Exploiting Relational Structure to Understand Publication Patterns in High-Energy Physics
A. McGovern, L. Friedland, M. Hay, B. Gallagher, A. Fast, J. Neville, and D. Jensen
Using Relational Knowledge Discovery to Prevent Securities Fraud
J. Neville, O. Simsek, D. Jensen, J. Komoroske, K. Palmer and H. Goldberg
1. Where's the beef?
Focused more on what was learned instead of how it was learned (Chris)
I was surprised that both of these papers did not go into great detail of RPTs. (Josh)
2. How can we get our papers published?
In the case of publication analysis, identification of attributes
that affect publication and listing of them by importance would
have provided more insights. This will be of great interest to
authors! (Praveen)
3. Limitations of statistical analysis
Journal acceptance is subjective, predictive models built on only
objective information may not be correct (Umang)
4. Future Work: Time
How easy or hard it is to determine the amount of temporal data to
be considered in cases where there is no domain enforced
limitations such as non-availability of arXiv data before 1992 in
this case. (Rajesh)
In this setting the relational data changes over time... I think this
is the most interesting area for further research. (Duncan)

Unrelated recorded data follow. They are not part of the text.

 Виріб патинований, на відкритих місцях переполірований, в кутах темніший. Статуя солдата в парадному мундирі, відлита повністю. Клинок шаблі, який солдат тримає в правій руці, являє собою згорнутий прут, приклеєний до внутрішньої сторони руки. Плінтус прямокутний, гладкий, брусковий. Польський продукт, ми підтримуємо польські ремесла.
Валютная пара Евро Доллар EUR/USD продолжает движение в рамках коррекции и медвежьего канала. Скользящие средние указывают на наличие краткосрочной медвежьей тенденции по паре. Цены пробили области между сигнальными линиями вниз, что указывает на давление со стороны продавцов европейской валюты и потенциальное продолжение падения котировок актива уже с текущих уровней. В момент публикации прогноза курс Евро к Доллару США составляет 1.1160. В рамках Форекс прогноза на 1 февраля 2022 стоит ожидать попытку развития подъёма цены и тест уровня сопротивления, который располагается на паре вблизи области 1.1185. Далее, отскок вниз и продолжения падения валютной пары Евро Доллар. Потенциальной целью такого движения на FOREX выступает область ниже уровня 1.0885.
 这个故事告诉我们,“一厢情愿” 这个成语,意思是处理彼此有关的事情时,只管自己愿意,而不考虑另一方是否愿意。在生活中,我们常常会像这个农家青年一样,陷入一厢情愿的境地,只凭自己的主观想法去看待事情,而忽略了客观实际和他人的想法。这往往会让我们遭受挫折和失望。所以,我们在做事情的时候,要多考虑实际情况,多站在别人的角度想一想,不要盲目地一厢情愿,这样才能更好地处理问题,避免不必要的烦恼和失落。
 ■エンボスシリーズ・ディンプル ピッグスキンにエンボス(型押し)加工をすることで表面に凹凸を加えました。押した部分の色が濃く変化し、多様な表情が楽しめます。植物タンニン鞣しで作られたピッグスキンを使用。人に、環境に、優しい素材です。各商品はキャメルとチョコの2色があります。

5. Future work: Collaborative analysis
Should the task of determining the publication possibility of a
given paper also make use of the clustering information obtained?

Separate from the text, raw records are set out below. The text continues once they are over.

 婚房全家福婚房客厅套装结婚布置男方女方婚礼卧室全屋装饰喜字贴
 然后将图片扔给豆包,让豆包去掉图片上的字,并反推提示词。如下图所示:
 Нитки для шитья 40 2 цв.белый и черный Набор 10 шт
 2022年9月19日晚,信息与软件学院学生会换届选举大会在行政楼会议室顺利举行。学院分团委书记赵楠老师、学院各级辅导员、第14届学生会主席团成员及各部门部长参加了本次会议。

For example there might exist certain topics of research that
receive more recognition and hence a larger percentage of them may
be published in journals. (Rajesh)
6. Future work: Concept drift
I think an important concept is how to decide or choose a useful
relation which can be used in the algorithm. RPT model doesn't
dominate Base model in 2001 and 2002 test. So can I say that the
relations used in RPT model may not properly fit or be distinguishable
in the whole data? Or the relations used in RPT model may only fit
in the first two datasets because of the way they were explored? (Yang)

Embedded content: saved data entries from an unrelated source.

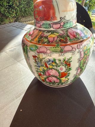 Precioso jarrón de estilo chino con una detallada decoración. - Diseño floral y de figuras. - Colores vivos y vibrantes. - Tapa a juego.
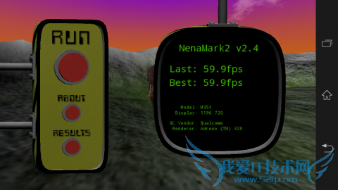 NenaMark2是一款实时渲染的画面来对手机的测试软件,在测试中,我们可以看索尼M35t测试帧数为59.9fps,可以满足绝大部分游戏的运行需求。
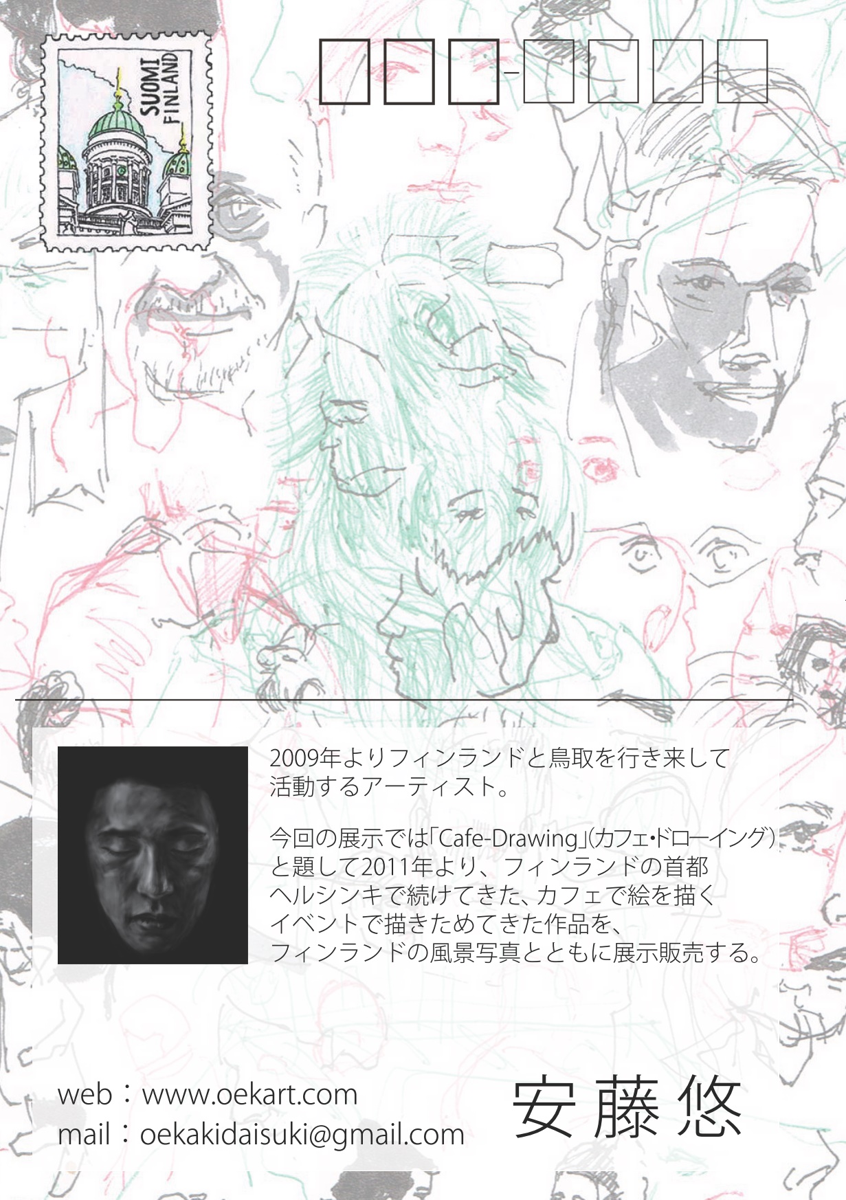 2010年より, フィンランドの首都ヘルシンキを中心に, アーティストに限定せず絵に興味のある人なら誰でも参加できる「Cafe-Drawing」というイベントを開催してきた.
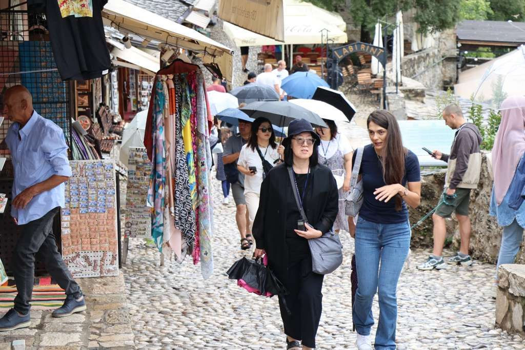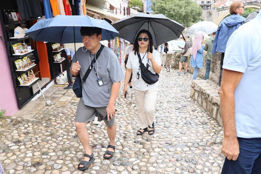 Iako je zamjetan manji broj turista u odnosu na prethodne tjedne, Mostar i dalje bilježi posjete, a kiša nije spriječila brojne posjetitelje da uživaju u znamenitostima grada i šetnji starom gradskom jezgrom, prenosi Fena.
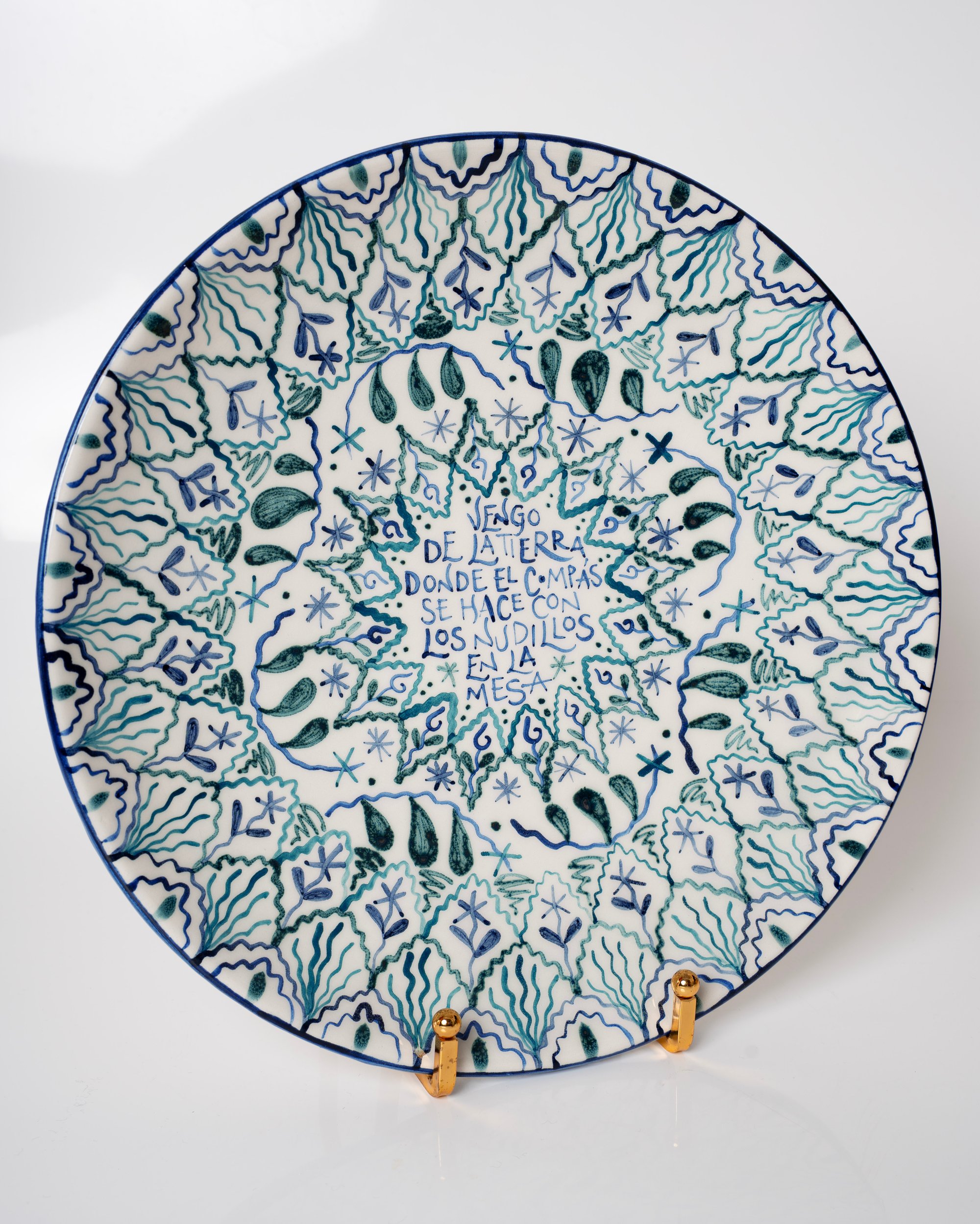 Cada plato puede llevar dos agujeros por detrás. Algunos, por el proceso de esmaltado y horneado, pueden ser taponados. Tanto si es el caso como si no, se recomienda colgar con un soporte abrazadera o colocar sobre un soporte de pie como en la imagen de presentación. Las piezas son esmaltadas sólo por la cara decorada.
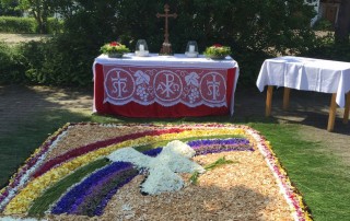 Dort wurde inzwischen der Festgottesdienst, den Prälat Werner Redies zelebrierte, gefeiert. Mitgestaltet haben diesen Gottesdienst die Erstkommunionkindern der Seelsorgeeinheit und die Band Immanuel.
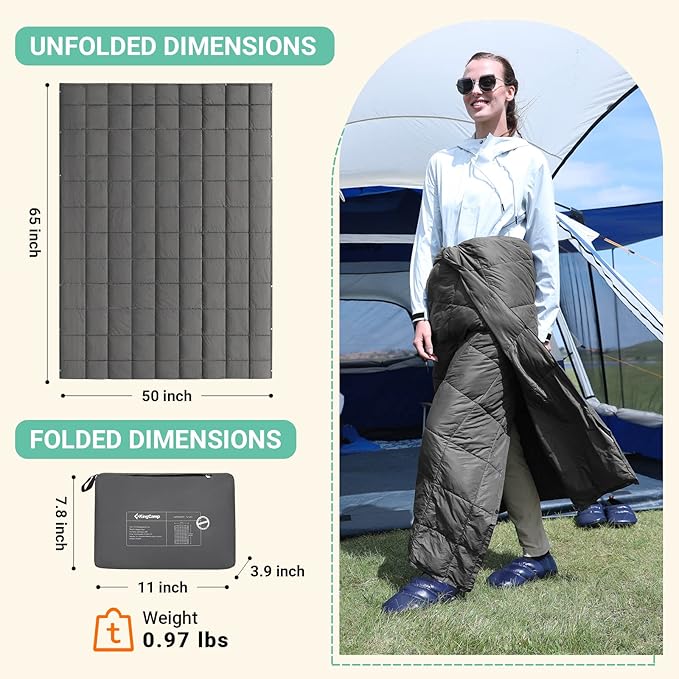 - WATER REPELLENT & DURABLE- kingcamp puffy blanket is made of 20D ripstop nylon, which is water repellent and can support your daily use for a long time. The surface of compact travel blanket prevents dirt or stains.

7. How to define/construct the feature space
Too many attributes may slow down the calculation. Too few attributes
may put the model in a coarse granularity. Can the authors prove that
the way of constructing the attributes is meaningful? (Yang)
Is it common in SRL to test pre-enumerated hypotheses, rather than
let an algorithm more freely make conjectures? I ask this because
I was surprised to see how much is assumed in the structure of the
data. (Josh)
8. Questionable class label
The use of the surrogate measure is questionable because NASD wants to
investigate brokers who are likely to be involved in fraudulent
activity, which does not always result in a disclosure filing
against that broker. (Duncan)
9. How can relationships provide more information than text?
It is interesting to find that using text-only clustering leads to
results that the authors found not satisfactory. Intuitively, text
content of papers should provide more insights to what a paper is
about than citations, but information might be a lot harder to
extract from text content due to the complex structure of written
languages. (Jia-Hong)
10. Implementation
Why not use an object-relational database? (Chris)
(2) What are the primary limitations to applying relational models to these or other domains?